Justice . . . righteousness. The reestablishment of justice and righteousness qualifies Jehovah’s people for deliverance from destruction in Jehovah’s Day of Judgment. To that end, Jehovah sends his servant, who personifies righteousness, to restore justice in the earth and to serve as an exemplar of righteousness (Isaiah 41:2; 42:1–4; 46:11–13). While the verb “ransomed” (pdh) applies largely to the physical deliverance of Jehovah’s people, its synonym “redeemed” (g’l) applies to their spiritual salvation (Isaiah 44:22). In effect, he who “redeems” is Jehovah, while he who “ransoms” is his servant.

28 But criminals and sinners shall be altogether shattered when those who forsake Jehovah are annihilated.

Paralleling (1) “criminals and sinners” who are “shattered” with (2) “those who forsake Jehovah” who are “annihilated” identifies both as Jehovah’s people. These, in turn, parallel “adversaries” and enemies” (v 24)—also his people—in an a1b1cb2a2 mini-chiasm: adversaries and enemies are avenged (v 24)—a1; Jehovah’s hand is restored (v 25)—b1; a righteous city is born (v 26)—c; Zion is ransomed by righteousness (v 27)—b2; and criminals and sinners are annihilated (v 28)—a2. In short, when Jehovah’s hand of righteousness intervenes, some are delivered while others perish.

29 And you will be ashamed of the oaks you cherished and blush for the parks you were fond of.

Isaiah portrays a kind of nature worship centered around “oaks” and “parks.” The parallel verbs “cherish” or “lust after” (hamadtem) and “fond of” or “prefer” (behartem) allude to the idolatrous nature of the practice (cf.

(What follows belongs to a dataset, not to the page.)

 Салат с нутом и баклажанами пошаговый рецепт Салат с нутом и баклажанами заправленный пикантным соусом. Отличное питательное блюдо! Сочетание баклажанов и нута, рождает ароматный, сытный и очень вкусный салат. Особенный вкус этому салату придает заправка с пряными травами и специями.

Isaiah 57:5; 65:3). Because the word “oaks” (’elim) is a metaphor for elite persons in society, moreover (Isaiah 61:3), additional meanings of these terms suggest that those whom Jehovah’s people fancy include persons of wealth, power, or position who are popular with the masses, persons whom they idolize as “gods” (’elim) or toward whom they “express fawning adulation” (hamadtem).

30 You shall become like an oak whose leaves wither, and as a garden that has no water.

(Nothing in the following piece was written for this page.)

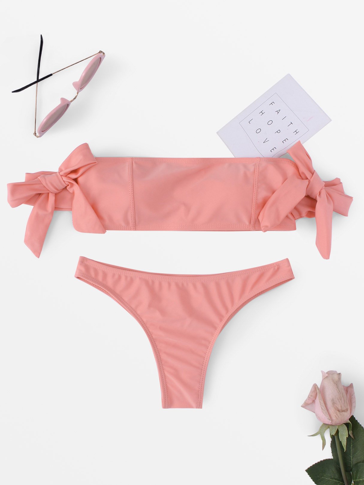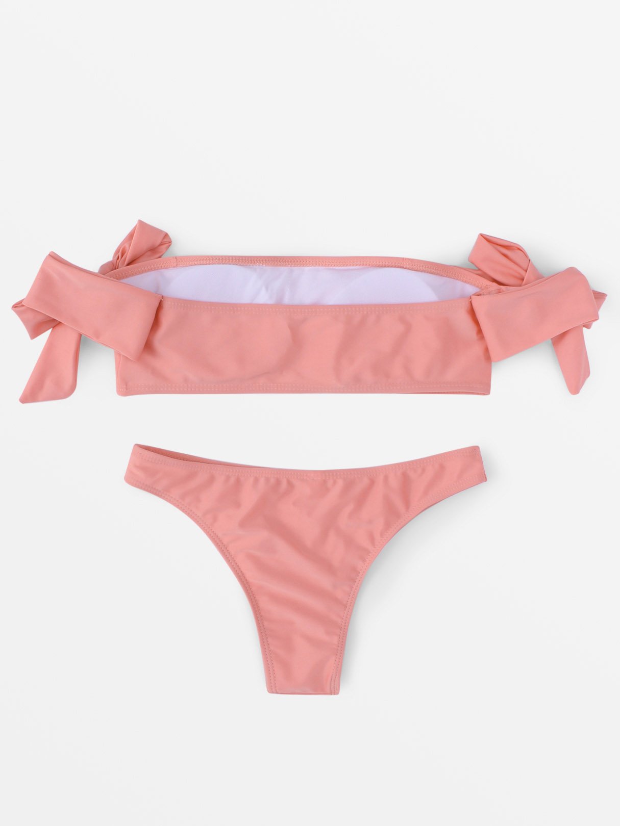 Pink Off The Shoulder Sleeveless Plain Bowknot Two Piece Bikinis

In his Day of Judgment, Jehovah humbles the elite of the earth (Isaiah 23:9; 26:5), while those who were humbled he exalts (Isaiah 49:7; 52:1–2). The covenant curses of drought, searing winds, and dying vegetation overtake the wicked (Isaiah 17:13; 27:8; 33:9), causing lakes and rivers to evaporate and dry up (Isaiah 19:5–7; 42:15). While the pronoun “you” addresses Jehovah’s people, desolate conditions also overspread the earth (Isaiah 24:4–12). Indeed, it is his people’s apostasy that precipitates Jehovah’s Day of Judgment. Although the whole earth suffers, they are the catalyst (Isaiah 10:5–7).

31 The mighty shall be as refuse, their works, a spark; both shall burn up alike, and there shall be none to extinguish.

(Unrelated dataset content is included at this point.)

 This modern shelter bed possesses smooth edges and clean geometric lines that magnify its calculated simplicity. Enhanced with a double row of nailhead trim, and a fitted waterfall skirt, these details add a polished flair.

The “mighty”—the icons of society—become but burnt refuse as Jehovah cleanses the earth of wickedness. Their “works” or institutions are the spark that sets off the conflagration. “Refuse,” a chaos motif, signifies the disintegration of the old society before the new—the community of Zion or Jerusalem—takes its place (Isaiah 2:2–4). Jehovah appoints the king of Assyria/Babylon as his instrument for burning up the wicked of his people and the nations (v 7; Isaiah 9:18–19; 10:5–7; 33:1, 12–14; 47:14). Jehovah ordained this archtyrant’s cleansing of the earth “long ago . . . in days of old” (Isaiah 37:26).